Kafka Streams is a client library for building mission-critical real-time applications and microservices, where the input and/or output data is stored in Kafka clusters. Kafka Streams combines the simplicity of writing and deploying standard Java and Scala applications on the client side with the benefits of Kafka's server-side cluster technology to make these applications highly scalable, elastic, fault-tolerant, distributed, and much more.
Kafka has four core APIs:
- The Producer API allows an application to publish a stream of records to one or more Kafka topics.
- The Consumer API allows an application to subscribe to one or more topics and process the stream of records produced to them.
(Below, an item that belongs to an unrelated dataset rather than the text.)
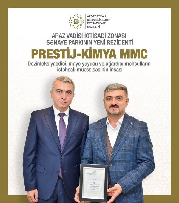 "ООО Prestij-Kimya присвоен статус резидента "Аразской экономической долины". Новый резидент построит завод по производству дезинфицирующих средств, жидких моющих средств и отбеливателей", - отмечает министр.

- The Streams API allows an application to act as a stream processor, consuming an input stream from one or more topics and producing an output stream to one or more output topics, effectively transforming the input streams to output streams.
- The Connector API allows building and running reusable producers or consumers that connect Kafka topics to existing applications or data systems. For example, a connector to a relational database might capture every change to a table.
Kafka uses ZooKeeper so you need to first start a ZooKeeper server if you don't already have one. You may download ZooKeeper from this page. Once you've downloaded a stable ZooKeeper release unpack it and cd to the root. To start ZooKeeper you need a configuration file. Here is a sample, create it in conf/zoo.cfg.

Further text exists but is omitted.